Dave, back then I think every one fought Mell Cherry, I just don't think they enjoyed the experience all that much. I did one time and was DQ'ed for excessive contact. Hey, I wasn't hitting that hard, really. I was just trying to survive. Man, I hadn't thought about that in years. WOW! You know, I thought your name looked familiar.


----------



## LawDog

Billy Blanks is originally from the Pennsylvania / Virginia area. When he was a very young man he moved into the townships of Rockland & Weymouth in the state of Massachusetts. During this time he became a very well know tournament competitor. He train with other champions like Doug Peoples, Stingo Garcia etc. While in his mid twenties he developed his own martial arts system. This system was geared for tournament application only. It's was base was taken from the Korean kicking systems.
After a period of time he closed down all of his schools and moved out to the state of California to begin another career, this time as an actor. This didn't work out to well so along came "Tai Bo" by Billy Blanks.


----------



## Dave Leverich

Rofl I hear you!
After the first time he hit me, I just REALLY didn't want him to hit me again ;p.

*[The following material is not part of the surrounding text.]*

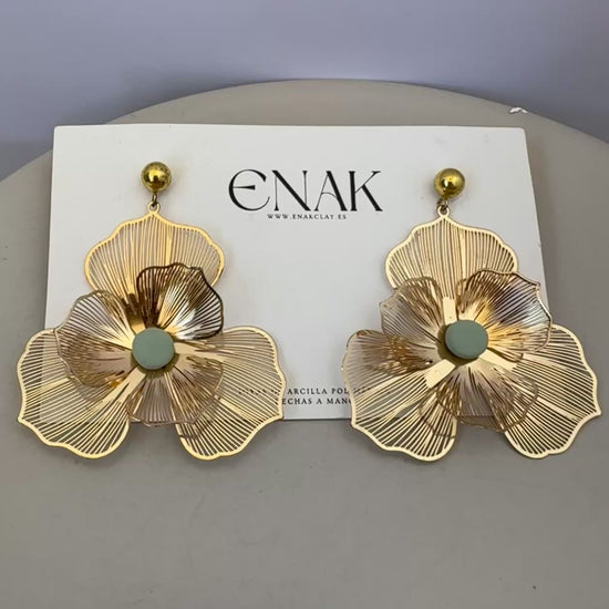 Pendientes hechos a mano con arcilla polimérica y acero inoxidable chapado en oro de grado quirúrgico hipoalergénico para orejas sensibles.
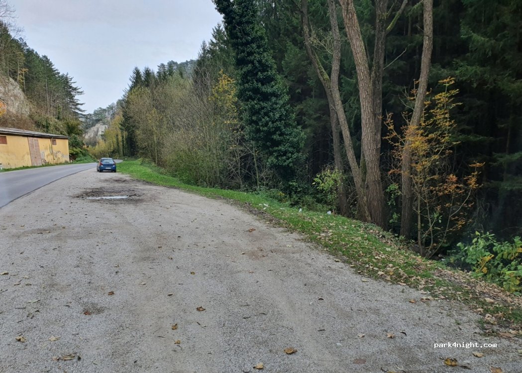 Aparcamiento nivelado de gravilla justo al lado del arroyo de agua cristalina. Por la noche apenas hay tráfico.

And I found that it's bad to block too soon heh, he threw a side kick and my block got there first, instead of blocking it got between. So I had to switch sides, as that arm pretty much hung completely at my side for the rest of the match heh. Amazing fighter though, I miss those days. (of course I had hair then too, and um, was a little less affected by gravity ;p)

I only had the one fight with him, I think it was 87... but it's still one of my fondest memories in the ring. The look on his face when my side kick went straight up his chest into his face hehe, course that was my only score, but we ended 3/2.

It was hilarious though, see I had no idea who he was stepping into the ring, so I shook his hand and wished him good luck like I do all my opponents. He looked at me with this look of incredulous 'what?' heh. I found out why of course ;p.

I think I'd rather get smoked in the ring and learn one or two things, than just get out there and cakewalk. Of course cake isn't bad sometimes either heh.


----------